The Council of Ministers approved a draft bill on October 10, 2018 and it have issued by the Finance Minister, Vladislav Goranov, on the Bulgarian Council of Ministers approved the draft bill issued by the Minister of Finance on 30 August 2018. The bill provides for several amendments to the Corporate Income Tax regime and contains measures for the implementation of the EU Anti-tax Avoidance Directive (ATAD). The draft bill has been submitted for further review and approval by the National Assembly.

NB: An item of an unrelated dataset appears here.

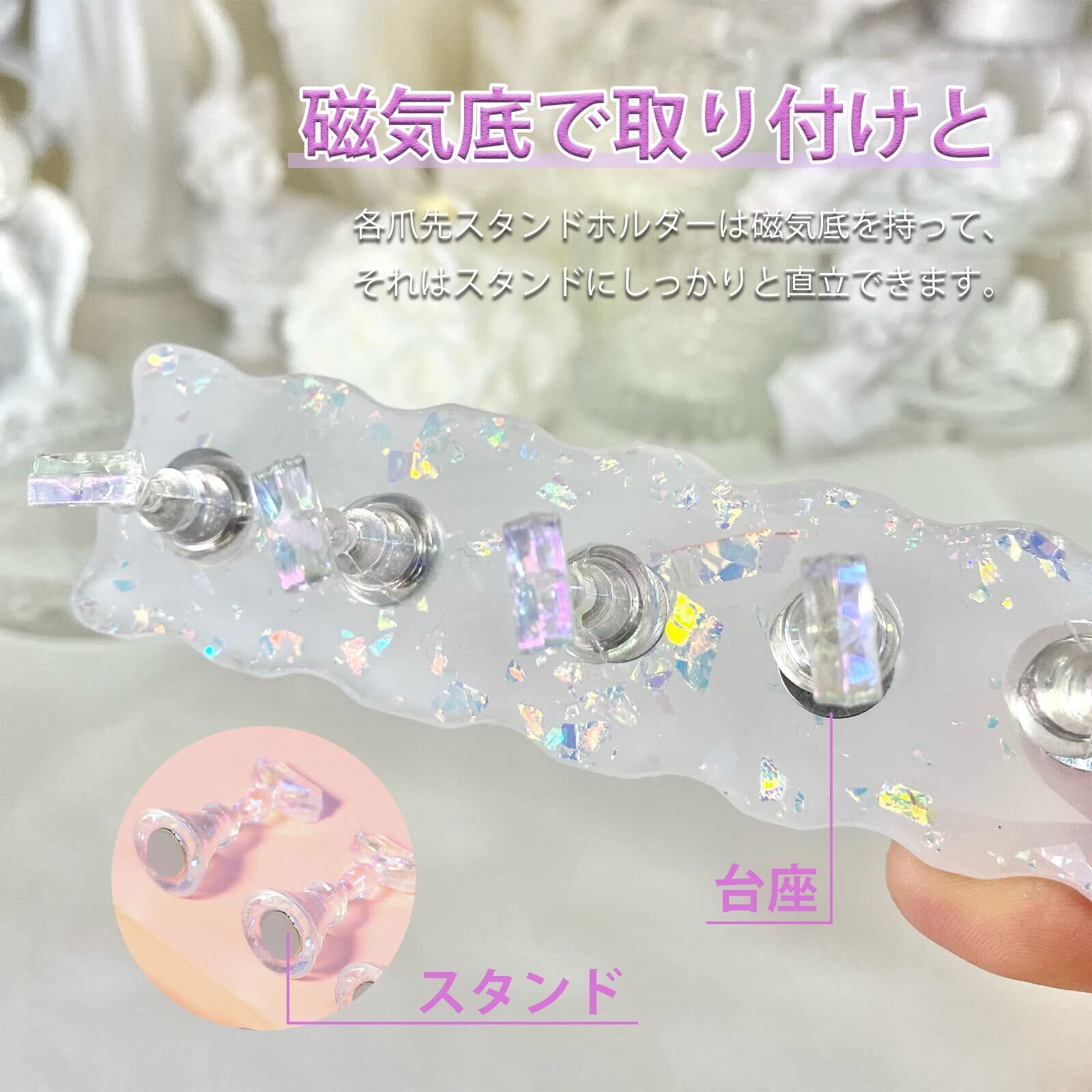 【セット内容】スタンドベース*1、ネイルチップスタンドホルダー*5。(サイズ:画像をご参考ください。)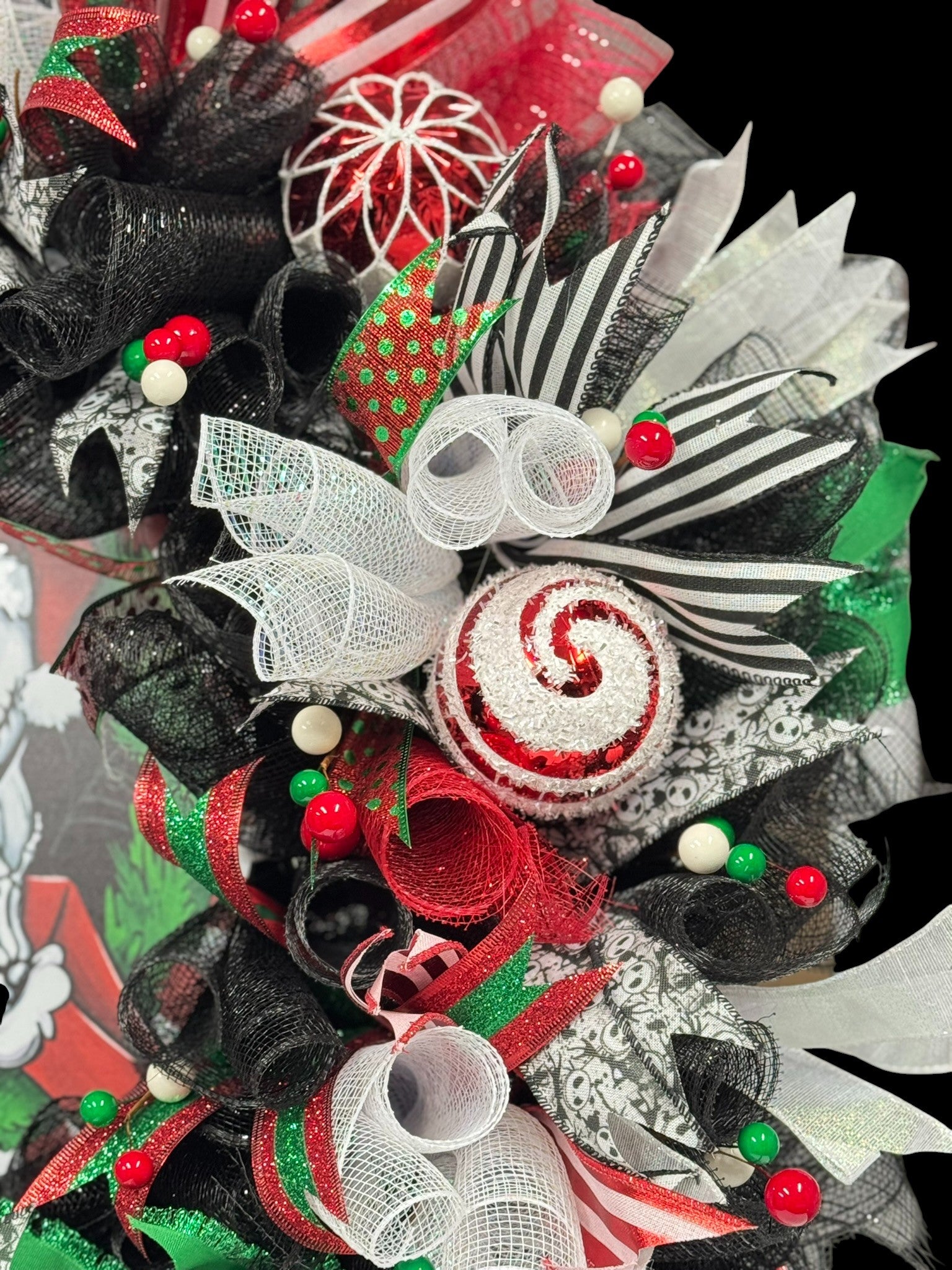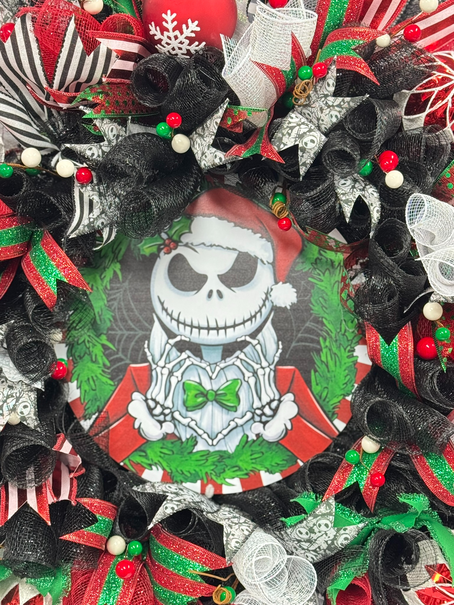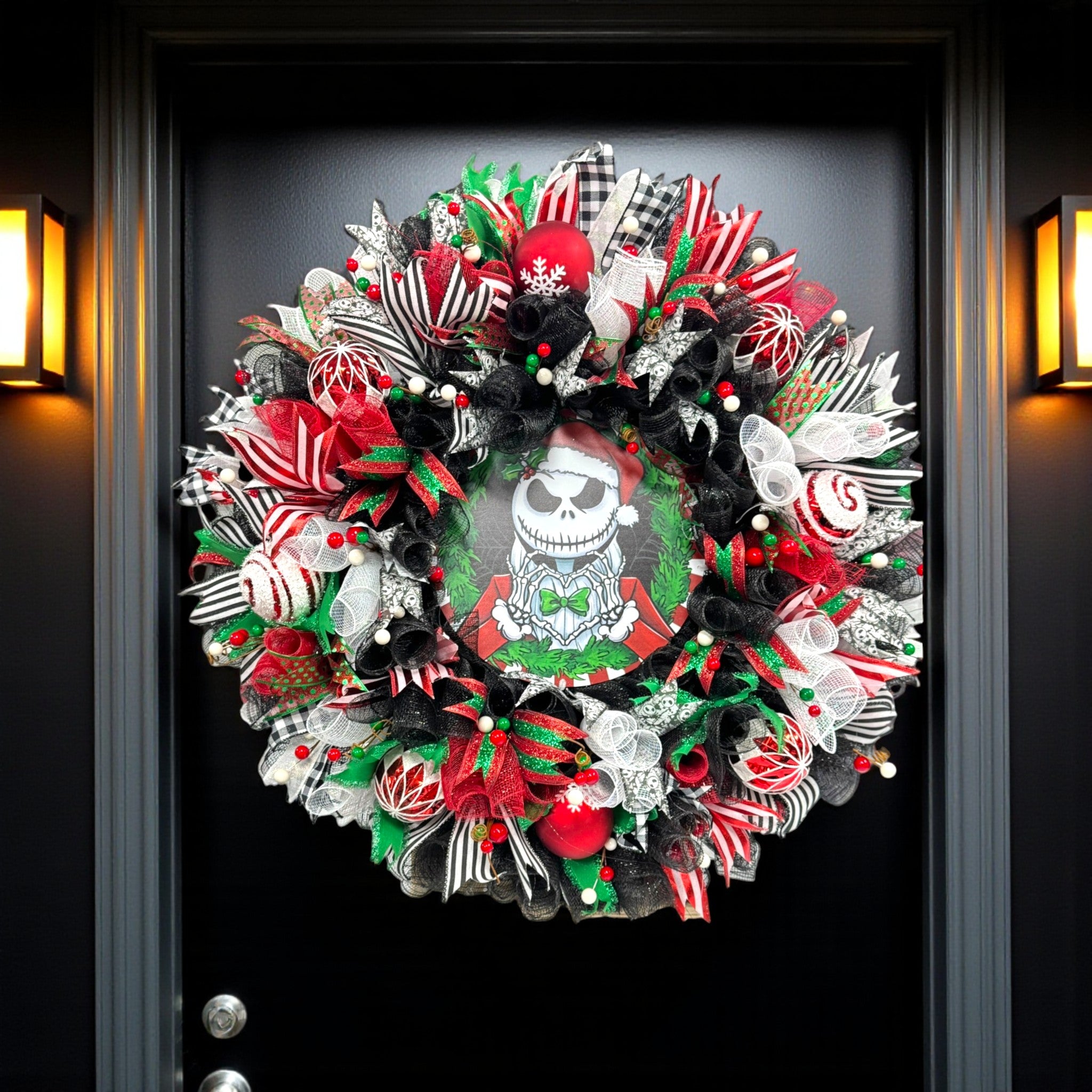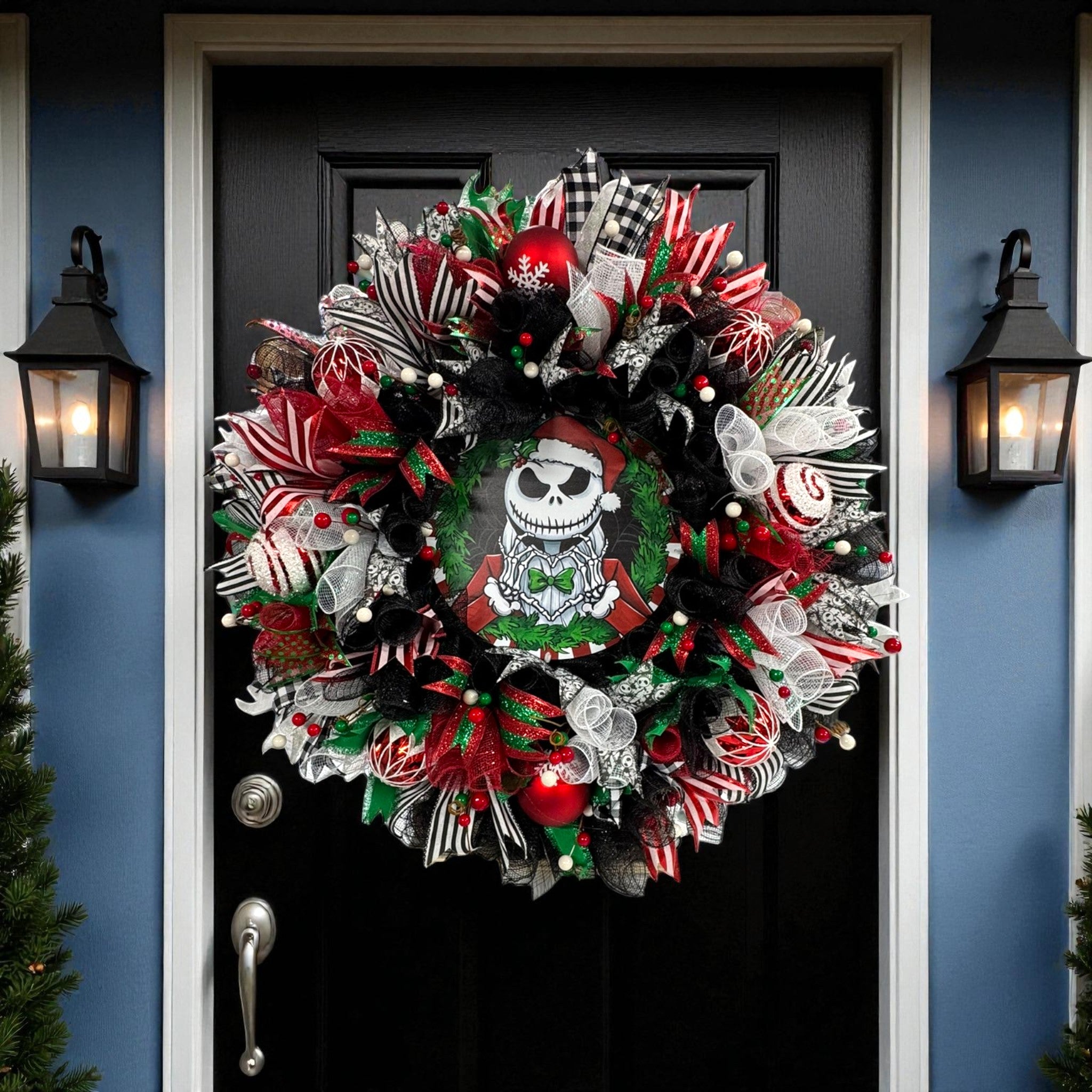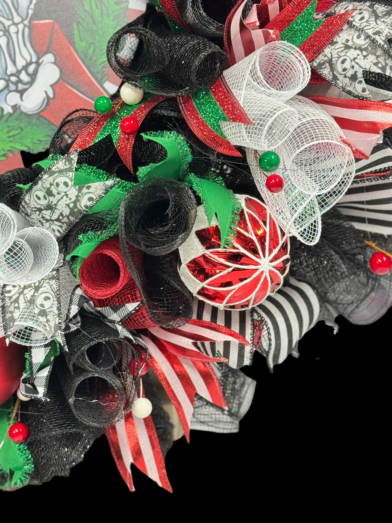 The Christmas Jack Skellington Inspired Swag Wreath is a festive and spooky addition to your front door decor. This red, green & black wreath features a Christmas Jack theme, perfect for celebrating the occasion. This wreath is 30 x 8 inches, it's very full with lots of detail, making it a striking statement piece for your home during the Christmas season. This Jack Skellington Merry Christmas wreath is sure to delight guests and bring a touch of Jack Skellington cheer to your home. Includes free shipping.

In accordance with the bill, the restriction rule on interest deduction will be introduced under ATAD from January 1, 2019. This earnings before interest, taxes, depreciation and amortization rule (EBITDA rule) will be applicable for net deriving costs more than €3m per year and limit their deduction at 30% of the taxable EBITDA. Taxpayers that are lower than the threshold will follow a modified version of the existing thin capitalization regime which restricts tax deduction of interest expense to 75% of the book EBIT. On the other hand, taxpayers that are both thinly capitalized and have net borrowing costs exceed €3m would have to apply both tests and restrict their deduction to the outcome which is more restrictive.
The draft bill also announced the controlled foreign company (CFC) rules aiming to deter accumulation of profits shifted to jurisdictions with low effective tax rates while having no substantial business activities. A CFC is defined as any nonresident enterprise or PE whose profits are not subject to tax or are exempt from tax in Bulgaria where a taxable person alone or together in Bulgaria with related parties holds more than 50% of shares, profits or voting rights; and the effectively paid corporate income tax is lower than half of the corporate tax payable of such profits.